Figure 3. Blood flow velocity in the LA models acquired in a representative patient: in the first column we show the model with the left atrial appendage (LAA), in the second column the model after the occlusion with the device based on the pacifier principle and, in the third column, the model after the occlusion with the device based on the plug principle. First row refers to the beginning of ventricular diastole, second row to the atrial systole and the third row to the end of atrial systole.
In Table 1 the peak and average velocities at the MV and at the PVs are reported for all patients.
Table 1. Peak and average blood velocities at the mitral valve (MV) and pulmonary veins (PVs) in pre- and post-left atrial appendage occlusion (LAAO) simulations.
Based on clinical literature (39) the mitral inflow velocity measured by echo Doppler in AF patients resulted in mean peak velocities between 0.8 and 1.3 m/s. These values are comparable with the maximum velocity values at MV in our simulations which range between 0.72 and 1.2 m/s (Table 1).
Blood flow velocities in the volume near the surface of the implanted device at the beginning of ventricular diastole (first row), during atrial systole (second row) and at the end of atrial systole (third row) are shown in Figure 4, post-occlusion with the “pacifier” device (first column) and with the “plug” device (second column). At the beginning of ventricular diastole with both devices, velocities pointed toward the MV; higher velocities and a more homogeneous flow was noticed with the “plug” device. During atrial systole velocities distribution caused by the contraction was more organized pointing toward the MV but with lower velocities; with the “pacifier” device the flow pointed toward the closure, making the outflow flow at the MV less effective. At the end of atrial systole, the flow at the closure was very organized with both devices but with higher velocities with the “plug” device.
Figure 4. Blood flow velocity in the volume of interest close to the closure in a representative patient: in the first column we show the model before the occlusion; the model after the occlusion with the device based on the pacifier principle and the model after the occlusion with the device based on the plug principle are reported in the second and third column respectively. First row refers to the beginning of ventricular diastole, second row to the atrial systole and the third row to the end of atrial systole.
The assessment of the mean blood velocities in the volume near the surface of the implanted LAAO device is reported in Table 2 for all patients. Velocities increased after the occlusion of the LAA, particularly during diastole; overall the simulations of the LAAO with the “pacifier” device showed higher velocities.
Table 2. Average velocities in a volume near the implanted device in the simulations performed in the five patients enrolled in the study.

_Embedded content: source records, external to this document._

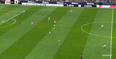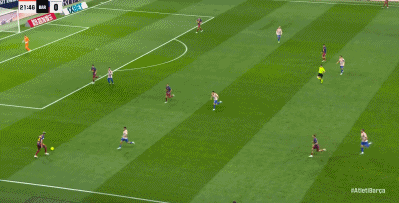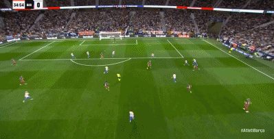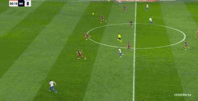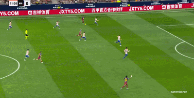 37’小西蒙尼反越位单刀破门激情滑跪庆祝,马竞暂1-0领先巴萨
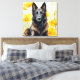 A Belgian Tervuren dog looks great against a field of yellow poppies on this gorgeous canvas art which will brighten up any room while showing your love of the tervs.
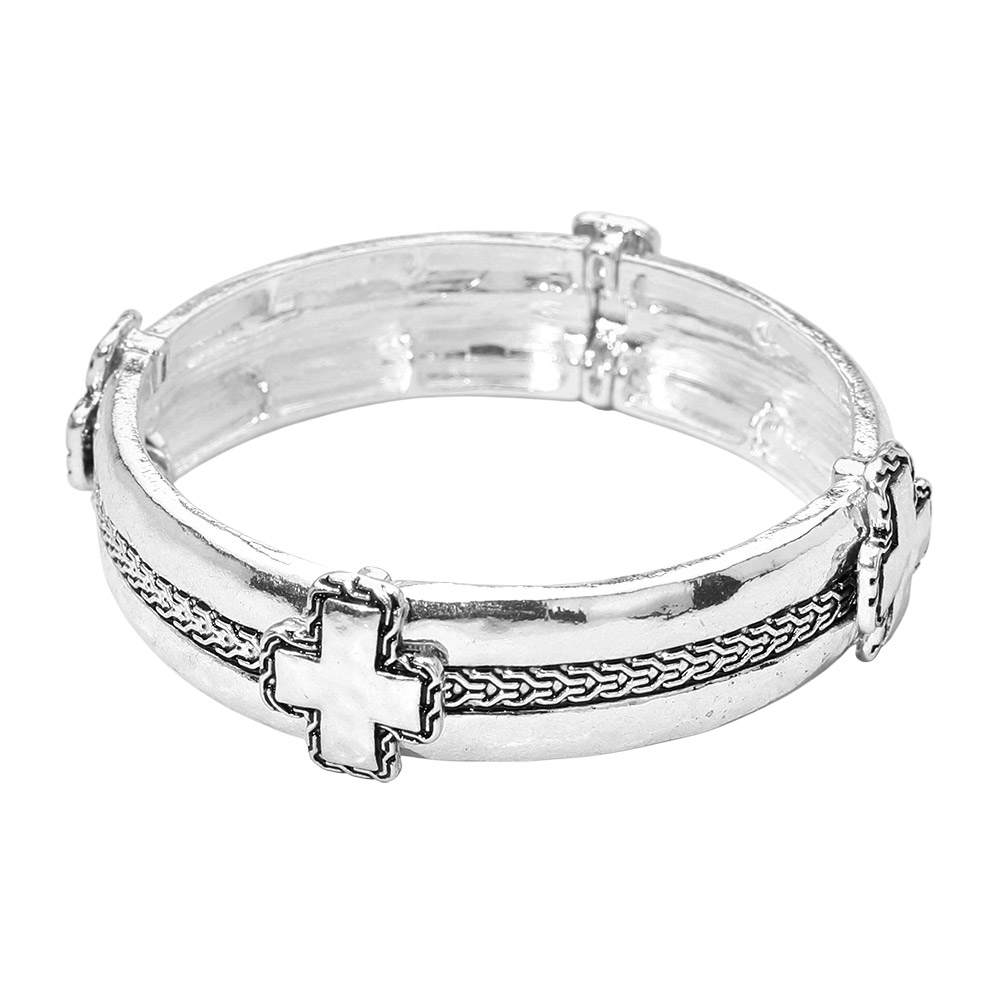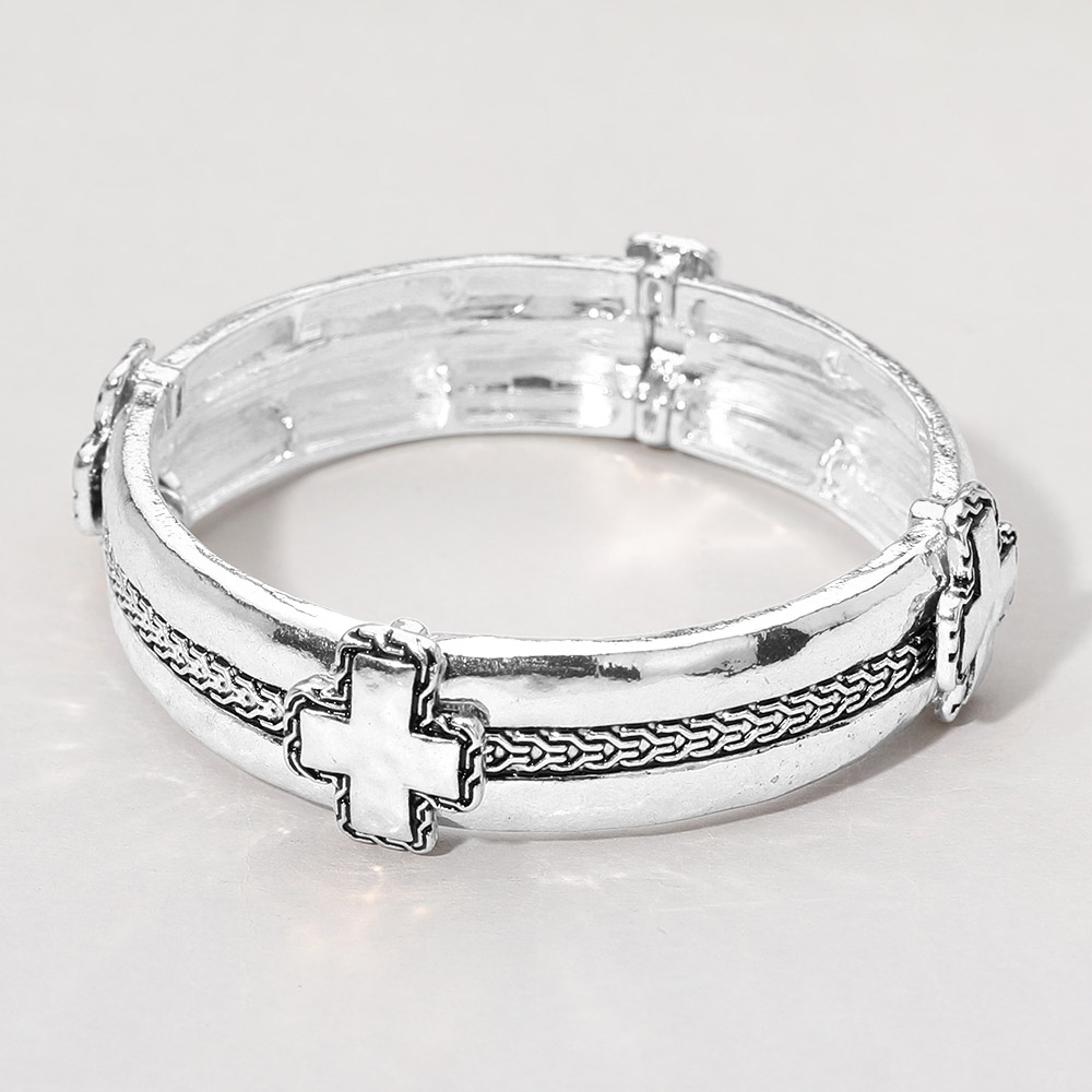 Details • Size : 0.75" H, 2.25" D • Stretchable • Statement bracelet featuring raised cross accents and a structured silhouette for a bold, timeless look. Designed to add character and dimension to everyday or occasion styling, this piece offers comfortable wear with strong visual impact and classic appeal. • Lead and Nickel Compliant

It is known from previous studies in literature (40) that LAA ostium velocities below 0.4 m/s in LA are associated with a higher risk of stroke, while velocities below 0.2 m/s are associated with the presence of thrombi within the LAA. In the pre-occlusion simulations, all the patients have velocities close to the threshold of 0.2 m/s, thus highlighting a potential thrombogenic spot. A possible reason for this behavior is the lack of LAA contraction due to the AF. Overall, in both LAAO models we recorded an increased average velocity; whilst in some patients the velocity was slightly higher, in other patients it almost doubled (Table 2). The effect of the occlusions affects more the diastolic phase.
3.2. Particle washout analysis
The analysis of the residual number of particles was performed for all patients enrolled in the study and observed that the simulations with the LAAO devices showed an improved washout of the atrial chamber as quantified by the residual number of particles: 392 ± 79 (LAA) vs. 254 ± 102 (“pacifier” device) and 294 ± 95 (“plug” device). These findings are also in agreement with studies in literature (21, 23) where the LA fluid-dynamics pre-and post-LAAO was investigated and authors found higher velocities close to the device and near the MV, in accordance with our results. These results were confirmed for the local analysis in which 20 ± 5 particles remained in the selected volume when the occlusion was performed with the “pacifier” device compared to the 26 ± 5 particles counted when the occlusion was performed with the “plug” device.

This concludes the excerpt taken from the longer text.